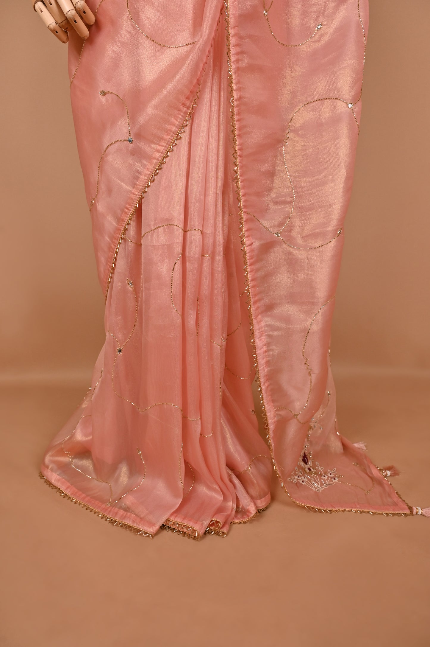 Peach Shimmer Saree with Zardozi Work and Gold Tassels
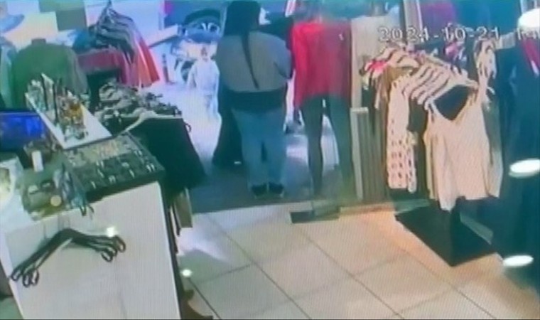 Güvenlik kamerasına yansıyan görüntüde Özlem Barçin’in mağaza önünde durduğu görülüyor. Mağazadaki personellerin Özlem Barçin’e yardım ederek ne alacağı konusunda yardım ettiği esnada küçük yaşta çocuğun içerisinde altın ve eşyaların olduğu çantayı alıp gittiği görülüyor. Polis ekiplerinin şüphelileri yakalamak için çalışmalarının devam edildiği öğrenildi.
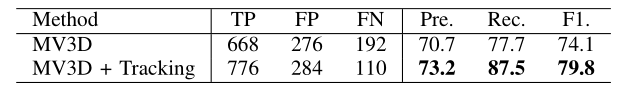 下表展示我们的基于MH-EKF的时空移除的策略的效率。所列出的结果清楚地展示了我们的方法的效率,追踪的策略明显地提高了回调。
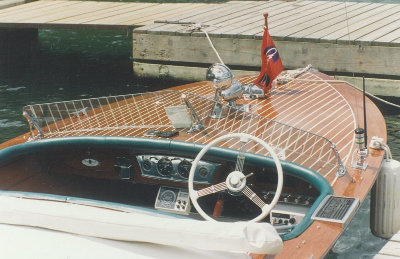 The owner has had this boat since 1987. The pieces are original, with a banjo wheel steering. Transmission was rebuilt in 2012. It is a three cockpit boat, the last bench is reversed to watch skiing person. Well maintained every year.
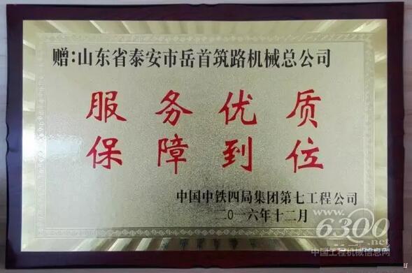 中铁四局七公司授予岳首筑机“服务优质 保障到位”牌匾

========

### What the exercise asks
From the first line to the last, repeat the records exactly and skip the pictures.

### Solution to this exercise
 Peach Shimmer Saree with Zardozi Work and Gold Tassels
 Güvenlik kamerasına yansıyan görüntüde Özlem Barçin’in mağaza önünde durduğu görülüyor. Mağazadaki personellerin Özlem Barçin’e yardım ederek ne alacağı konusunda yardım ettiği esnada küçük yaşta çocuğun içerisinde altın ve eşyaların olduğu çantayı alıp gittiği görülüyor. Polis ekiplerinin şüphelileri yakalamak için çalışmalarının devam edildiği öğrenildi.
 下表展示我们的基于MH-EKF的时空移除的策略的效率。所列出的结果清楚地展示了我们的方法的效率,追踪的策略明显地提高了回调。
 The owner has had this boat since 1987. The pieces are original, with a banjo wheel steering. Transmission was rebuilt in 2012. It is a three cockpit boat, the last bench is reversed to watch skiing person. Well maintained every year.
 中铁四局七公司授予岳首筑机“服务优质 保障到位”牌匾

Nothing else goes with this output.